The Dow Jones industrial average fell 54 points to 12,875 in the first hour of trading. The broader Standard & Poor's 500 fell four points to 1,378. The Nasdaq slipped two points 3,045.
There were stark reminders Tuesday that the economy is far from healed. The National Federation of Independent Businesses said its index of small-business optimism fell in March after six months of gains, largely on worries about rising gas prices. That caused concerns that those companies might not generate as many jobs as had been hoped for. U.S. wholesale businesses also reported that they restocked their shelves at a slower pace at the beginning of the year.
JJ Kinahan, chief derivatives strategist for TD Ameritrade in Chicago, noted that stocks are still up for the year, the result of a rally that started around Thanksgiving. He brushed off the past week's losses as short-term blips on the radar.
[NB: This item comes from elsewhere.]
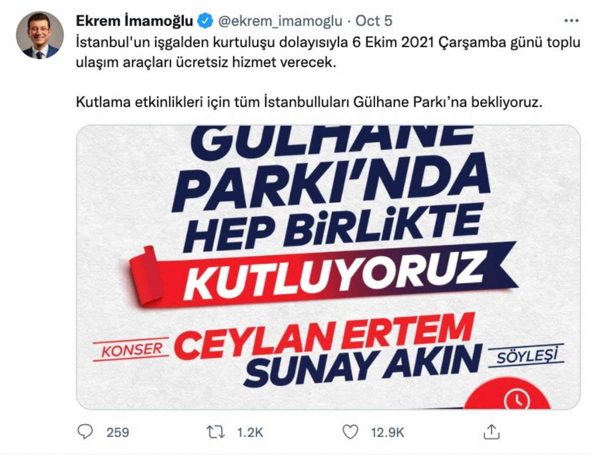 ” Kurumun resmi hesabı üzerinden, ‘İstanbul’un kurtuluşu dolayısıyla 6 Ekim 2021 Çarşamba günü toplu ulaşım araçları ücretsiz hizmet verecektir. Tüm vatandaşlarımıza iyi yolculuklar dileriz.”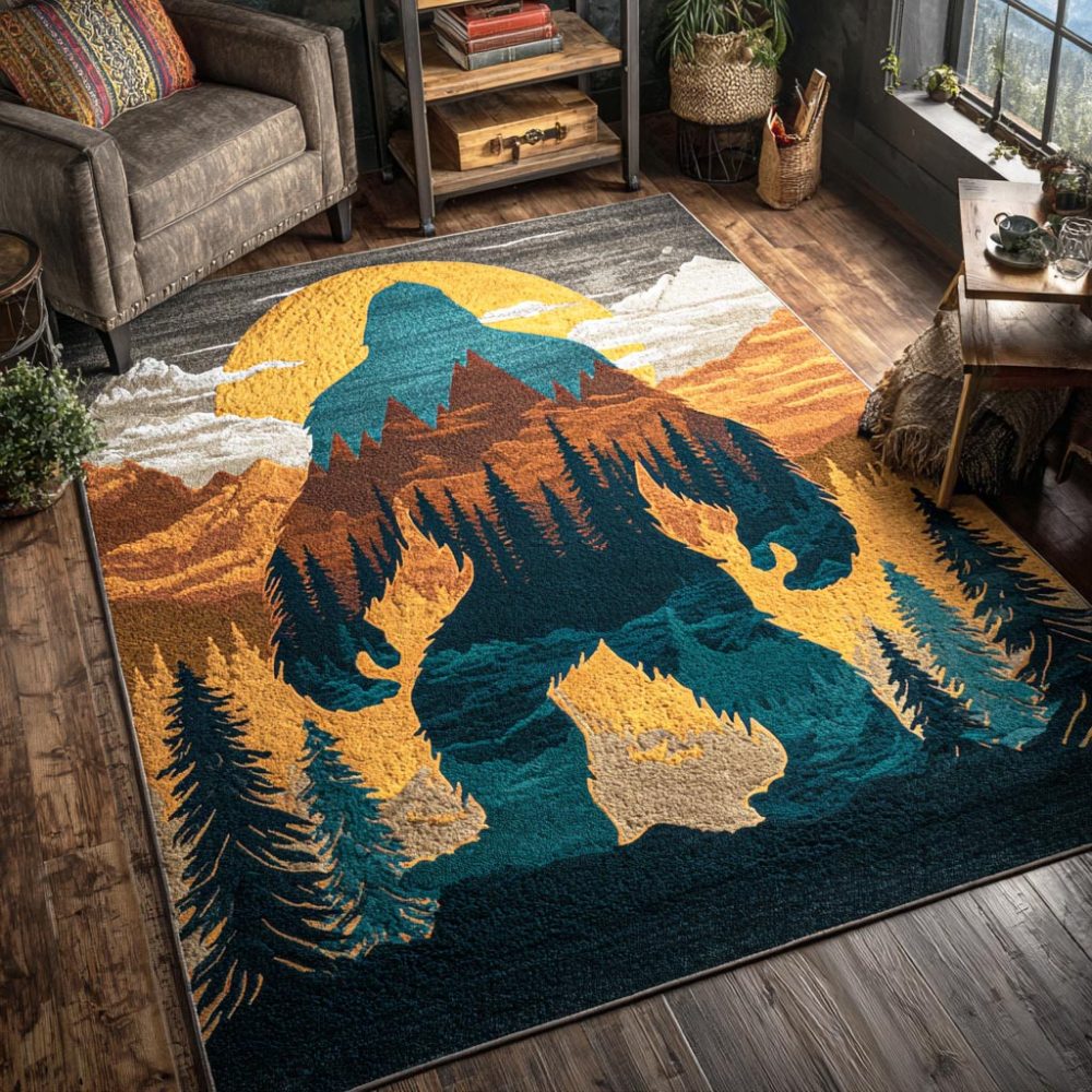hidden beast rug,forest motif rug,distressed area rug,rustic rug,low-pile accent rug,cabin decor rug,moody area rug,durable rug

"There seems to be this black cloud as everyone talks about the market," Kinahan said. "(But) a lot of these companies are in a good spot."
It's been a rough few days for the stock market. The Dow and the S&P have fallen for four days in a row, only the second time this year that that's happened. The losses started last week after the Federal Reserve indicated that it won't continue buying bonds to pump money into the economy. The losing streak continued after the government reported last Friday that job growth slowed in March to half the pace of the previous three months.
If the market closes down again Tuesday it will be the longest losing streak of the year for the Dow and the S&P. The longest losing streak before that was an eight-day plunge in late July and early August, just before the U.S. government's debt rating was downgraded. The Dow lost more than 850 points in that time. In the past four days, it's lost about 330.
Federal Reserve Chairman Ben Bernanke spoke again Monday night but didn't give investors much to hang on to, steering clear of the economy and instead focusing on regulatory policy.
The price of crude oil fell slightly, to less than $102 per barrel, but that wasn't necessarily a good sign. The decline is partly because traders are betting that the weak economy will keep demand for oil low. The decline is only a small relief for businesses and consumers struggling with high energy prices. Oil is still far above the $75 it was trading at in October.
There are also reasons to believe oil could be headed higher again after Iran declared that it would no longer ship crude to Greece. Iran has already cut off France and Britain. The hostility is related to Iran's nuclear program, which other countries want Iran to halt. New talks are scheduled to begin Saturday.
In Europe, Greece's main stock index shot up more than 3 percent even as most other markets fell. The gains in the volatile country came despite a worker strike that shut off ferry service and underscored how difficult it will be for the government to enforce spending cuts it needs to make to dig itself out of debt.
Indexes in France, Germany and Spain fell. Spain reported that it has been forced to pay more to attract investors to its government bonds, a sign that investors are increasingly wary about the financial health of the Spanish government.
The first-quarter earnings season starts after the market closes Tuesday, when aluminum producer Alcoa reports its results. Analysts are expecting a loss, partly because of a slowdown in China's growth and economic weakness in Europe. Some analysts are expecting a slight decline in year-over-year earnings growth, which would end a streak of nine quarters of gains. That could be a bad sign for the economy, but it does make it easier for companies to beat expectations when they report results.
"You might not say it's to their credit, you might not say it's the right thing to do, but the CEOs have done a very good job of setting expectations low," Kinahan said. "Because so many analysts expect flat earnings, these companies that show just 2 to 3 percent annualized level of growth may have hit a home run."
Among stocks making big moves:
--Supervalu Inc., the grocery chain that owns Albertsons and Jewel-Osco, climbed 7 percent. The company reported a quarterly loss but outlined turnaround plans that include closing stores and slashing jobs.
--Harley-Davidson rose 2 percent after Citi analyst Greg Badishkanian upgraded the stock to buy, predicting that sales will be strong in the beginning of the year.
--Best Buy fell 2 percent after announcing that its chief executive had resigned without a permanent successor. The electronics giant is struggling for market share in a world of online retailers.